Eyes closed, breathing slowly in, then out,
concentrating on the point where out becomes in,
I begin to visualize them. They move, or float, in
that odd slow motion found in dreams. They are
wrestling -- no they are dancing -- arms on
one another's shoulders, turning in a circle
counterclockwise across the floor.

It seems they are dressed in silver nylon spandex
leotards, but one is not drawn, or at least I am not
to consider the shape of them as individuals.
A small circle of friends.

Still they shine as they revolve, groupwise, centering
on -- what? Not me, I observe from one side,
from some sort of hiding place, I'm not sure where,
as if between walls, looking out from between dark
blue panels unseen, so that the silver revolving ring
of dancers, lighted from within, turn past me as
within a frame.

I cannot see all of them at once...perhaps all of one
or two, and parts of others. They turn crabwise, like
Escher characters, each walking in a sideways circle
-- a revolution, a rotation of friends. If they don't revolve
around me, do they revolve around something else?

How can they, they have only me in common.
They are friends of mine, but not of one another --
some of them know each other well enough
to hate each other. As my good and true friends,
somehow they must.

Lights flash as they turn faster. They seem to be
coming closer. Will they see me? Can I let them
know that I am here? Can I stand up, slide between
the panels, join the dance? Where should I begin?

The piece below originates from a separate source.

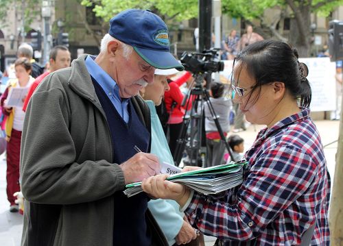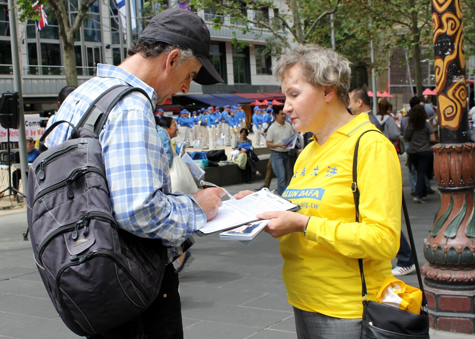 集会于下午十二点三十分开始,墨尔本法轮大法天国乐团首先演奏了《法轮大法好》、《法鼓法号震四方》、《法轮圣王》等曲目,响彻广场的鼓乐、雄壮的旋律令人振奋不已。听了嘉宾的发言,看了退党义工发放的资料,明白真相后的世人纷纷签名,呼吁制止迫害

If I am dreaming, I imagine then I'll have to wake up
soon -- if so I hope not to remember any of this
unless I can remember it all.

Will they know...will they ask? Sometimes it seems
they can tell. What will I tell them? I dreamed of you.


mcn
(not at all sure what the hell I'm doing this morning.)












elegance
---------------------------------------------

is not always
the fine sauce
so many seem to think
but more like a roux,
its base a long-simmered stock,
warmed slowly until
the flour is just brown,
never harmed by the addition
of a bit more wine:
thickened by butter,
time and patience, complex,
yet simple enough to
dip a biscuit in.


mcn









the opposite of winterizing
--------------------------------------

the phone rings
and I tumble out of sleep
fall halfway out of bed
to answer it

hello?

is this wym's radiator
repair?

what?

wym's radiator repair?
is this wym's radiator repair?

no, you have the wrong
number

oh

and a late spring breeze
billows the curtains
which are also filled with light
I have slept too long again

and I knew it wasn't you
but I do feel some
connection this morning
something like a kite string

so many miles long
one of us is holding
so that the other will not
fly away

though I do not know
which is which
and I imagine a tail
of colorful old neckties

the way the string curves into the sky
and seems to disappear
but holds the kite
which without the string

cannot fly
and I close my eyes and
tug on it
as the phone rings

hello?

is this wym's radiator
repair?

no.
just me again.

dang it!


mcn











Dance of the moon and sun
------------------------------------------------------------

There are pieces of you all around me,
they arrange the darkness and the light.
Morning sun filters in through the memory
of your hair. I read poetry before dawn
by the light of your smile; it is better for this
than as an umbrella, as it lets in words
more readily than it keeps out rain. When
I run the water, the bathtub asks about you,
and the morning coffee pot speaks in your
voice at times, though it knows you never
drink such stuff. Some nights your fingertips
against the windowpane are all that hold
the dark at bay; as your love is in every
corner, telling me nothing bad can get in;
as when I close my eyes at night, I look
into yours. Your touch surrounds me as
I wake on the sofa, the tv still on. I would
have frozen by now without you, would have
stopped breathing or gone blind. And this
is your heartbeat in my chest; I know the
rhythm: two beats together, then not quite
too long a pause and it repeats, moving
the blood through me, just as your breath
on my eyelids begins and ends each day.
And when you come to me in the night
you are whole again, and all is as it
should be, as if you'd never left.


mcn





The yellow-bellied sea snake


The yellow-bellied sea snake
must shed its skin to grow, but in
the logic of the sea it finds no rock or stick
or truth on which to rub,

and so it ties itself in knots, pulls itself
on through, and sheds its skin against
its skin, passing through transition
in a singular, Gordian display.

As, like the yellow-bellied sea snake,
you attempt to tie yourself in knots,
your breasts brush soft across me,
rolling like the sea.

Though grown, we each have growing left,
big as we may be, but rubbing one another
we stretch our length more freely, more decisively
than those who take this passage on their own.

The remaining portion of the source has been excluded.